Unfortunately, Data Governance coaching isn’t free. In fact, it might seem quite the opposite… until you look at what you’re really getting.

Because what feels “expensive” at first glance often turns out to be great value when you look at the outcome. Cheap services tend to cost you more in the long run, wasting your time and your budget. Data Governance Coaching is different.

Rather than thinking of it as paying for theory, it’s more like investing in tailored, hands-on support that helps you turn good intentions into real results. And that’s where the value lies.

Let me explain…

You’re not just paying for time. You’re investing in experience.

When you work with an experienced coach, you’re not just paying for the hour in front of you. You’re gaining access to years of hard-earned knowledge.

In my case, that’s over two decades of helping teams just like yours implement Data Governance that works. I’ve made the mistakes, learnt the lessons, and developed practical ways to help others move faster and with more confidence.

That’s why the support I give is never generic. Every person I coach gets tailored guidance that fits their exact situation. And that’s why the results stick – because they’re designed around you.

You can choose between two flexible coaching packages depending on how much support you need:

  1. Coaching: Six one-hour calls over six months.

  2. Coaching Plus (most popular): Ten one-hour calls with even more flexibility over six months.

All sessions are recorded so you can revisit them whenever needed, and you’re welcome to bring team members along.

And it’s not just calls: you can use your sessions however helps you most. That might mean having me join an internal meeting, review a document, speak directly with stakeholders, or help you implement your framework step-by-step.

What are you actually getting for the fee?

It’s easy to look at coaching and ask: “Is this really worth the money?” But when you consider what it helps you avoid, the value becomes clear.

Here are four reasons my clients say the investment is more than worth it:

1. I understand where you’re coming from. I’ve been there.

There’s no shortage of frameworks and theories out there. But how do you take those and make them work for your organisation? That’s the hard part.

Many of the people I work with are struggling to turn theoretical knowledge into real, practical action. They feel stuck, especially when trying to win over senior stakeholders. I’ve been there myself. And I know how overwhelming it can feel when you’re expected to deliver results without enough clarity or support.

Coaching means you don’t have to go it alone. I’ll help you translate ideas into language that resonates in your business, so you can build support and avoid the risk of your initiative fizzling out.

2. Practical solutions to your real-world problems.

This isn’t a course where you sit and listen. My coaching is designed around you. You’ll bring specific challenges to the table and we’ll work through them together.

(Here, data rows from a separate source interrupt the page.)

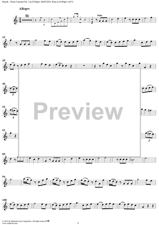 Digital Sheet Music for Horn Concerto No. 2 - Horn by Franz Joseph Haydn scored for French Horn/Piano; id:267205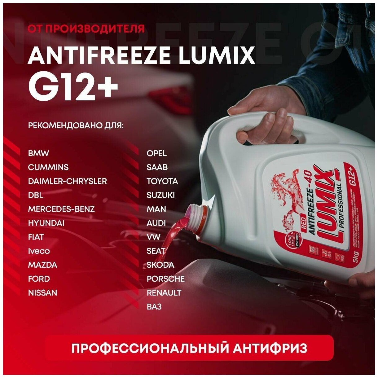 Антифриз для двигателя автомобиля LUMIX ANTIFREEZE RED G12+ (-40) красный 5 кг, охлаждающая жидкость Люмикс в авто, до -40С, карбоксилатный Г12+, готовый к применению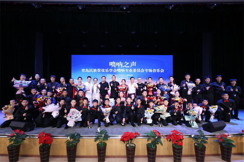 青島民族管弦樂學(xué)會、青島歌舞劇院民族樂團(tuán)各位領(lǐng)導(dǎo)同社會各界的專家,教授,老師和觀眾們一起觀看了這場精彩的嗩吶盛會。

Whether it’s about building a framework, presenting to the board, or dealing with resistance, you’ll get answers to your questions, reassurance when you need it, and advice that fits your organisation – not just best practice on paper.

Plus, you’ll get a detailed Data Governance Checklist as part of your package. It’s a practical tool that helps you track what you’ve covered and what you still need to implement – perfect for staying organised and focused.

3. You’ll build confidence – and that changes everything.

Many clients come to me unsure if they’re doing the right thing. They hope their approach makes sense but they’re not sure how to explain it to others, or how to know when they’re on the right track. That’s where coaching changes everything.

We work together to build your understanding and your confidence, so you can speak to stakeholders with clarity and direction.

One client, the Enterprise Data Governance Lead at Volkswagen Financial Services UK, described how coaching became a crucial sounding board during their implementation:

“It gives you real confidence that you are heading in the right direction. We would book a session and say, ‘This is what we’re working towards’, get a few pointers, go away and have a stab at it, then come back and say, ‘This is what we’re thinking – does that look about right?’”

They added:

“Nicola helped us sense-check ideas, avoid common mistakes, and build a more collaborative, supportive approach to governance. Now, people want to work with us.”

4. You don’t have to do this alone.

Whether it’s through coaching, group training, or Mastermind Days, you’ll connect with others facing similar challenges. For many people, that’s one of the most valuable parts.

If you’re the only one in your organisation responsible for Data Governance, it can feel incredibly isolating. But you are not alone. I can even introduce you to others in similar roles, if it helps to know you’re not the only one figuring this out.

You also have the option to access expert guest coaching sessions – these can be included in a package or booked separately. These deep-dive sessions cover topics like Data Catalogues, Data Quality, and Data Storytelling, helping you deepen your understanding in key areas.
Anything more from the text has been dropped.